LumendeLumine a écrit :Aucune chose concrète qui nous entoure n'épuise l'être, c'est une certitude et non une hypothèse; si nous n'étions pas certains, ce serait admettre la possibilité que toutes les choses soient illusoires sauf une, qui en elle-même épuiserait la notion d'être. Ce serait nier le devenir, qui fait apparaître ce qui n'était pas encore; ce serait nier que du nouveau puisse apparaître. Du nouveau, il en apparaît constamment! D'où il est évident qu'aucune chose n'épuise la notion d'être. Bien plus, la variété immense et fluctuante des êtres montre que l'être est une nature riche et infinie, du moins, à toutes fins pratiques.

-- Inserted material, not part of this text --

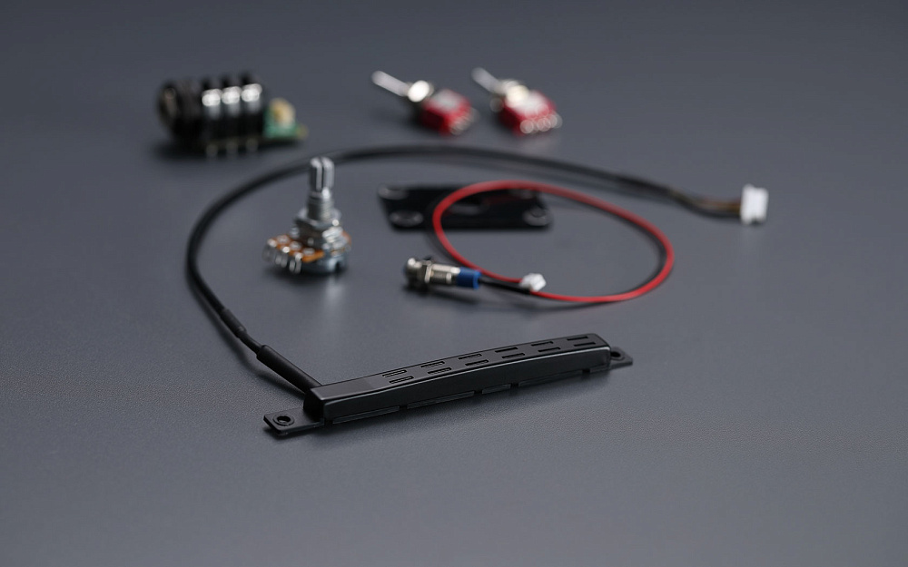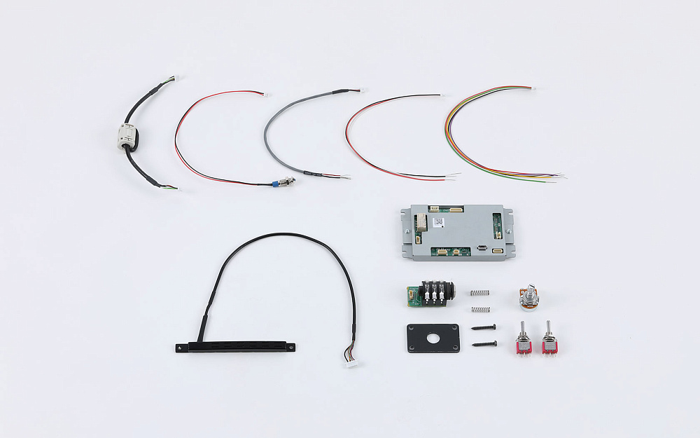 Комплект раздельных звукоснимателей GK5-KIT-G6 был разработан исключительно для шестиструнных электрогитар. Он содержит необходимые детали для полной профессиональной установки раздельного звукоснимателя BOSS GK-5 с расширенными элементами управления. Для удобства использования элементы управления могут быть расположены по усмотрению музыканта в процессе настройки. Детали включают в себя сам блок GK-5, печатную плату, плату/плату разъема Serial GK, регулятор уровня и переключатели, а также светодиод, провода, пружины и винты.

Cette idée "d'épuiser l'être" est une notion vague qui ne signifie pas grand chose : que voudrait dire "épuiser l'être" dans le cas d'un existant particulier??? Par contre à l'échelle de l'univers, comme Falenn vous le faisait remarquer, cela n'a pas grand sens de dire que "l'univers n'épuise pas l'être", vu que d'être justement on n'en connait que celui des choses de cet univers. Dans ce cas c'est un acte de foi : peut-être l'univers n'épuise-t-il pas l'être mais vous n'en savez rien, encore une fois vous le posez sans le prouver. Cette notion "d'épuiser l'être" est encore une manière de déprécier la réalité, de prendre les choses à l'envers : dans la réalité nous constatons des choses qui "sont", point. Et ces choses ne sont pas plus ou moins, de manière "absolue" ou non, elles sont tout simplement : au contraire vous vous les percevez de manière négative en disant qu"'elles n'épuisent pas l'être", en référant donc leur existence concrète à une supposition ("épuiser l'être") par rapport à laquelle elles se trouvent en défaut. On voit la correspondance avec votre définition du principe de causalité : on pourrait dire que selon vous l'ensemble des choses existantes observables constitue "tout ce qui n'épuise pas l'être" de la même manière qu'elles sont "tout ce qui n'existe pas par soi"... Ou l'art de transformer du positif en négatif. Que vous le vouliez ou non et quelque guirlande "d'être" que vous treissiez autour de la réalité (en imaginant, formulation apparemment généreuse, autant de degrés d'être que vous voulez, de "richesse" d'être que vous voulez) cela revient à déprécier la réalité existante et qui est la seule certitude : "la variété immense et fluctuante des êtres" la nature "riche et infinie" de l'être (jusqu'à Dieu et aux réalités divines, c'est cela que vous voulez dire), sous des dehors positifs, peut encore une fois être fortement soupçonnée de n'être qu'une invention habile de métaphysicien dont l'ombre portée sur la réalité observable a pour but, ou au moins pour conséquence pratique, de la déprécier inévitablement.
La vrai respect a l'égard de la richesse du réel consiste selon moi bien au contraire à poser raisonnablement la possibilité qu'il nous surprenne sans rien faire pour déprécier, sans rien imaginer pour mutiler d'une manière ou d'une autre la réalité qui nous est donnée actuellement.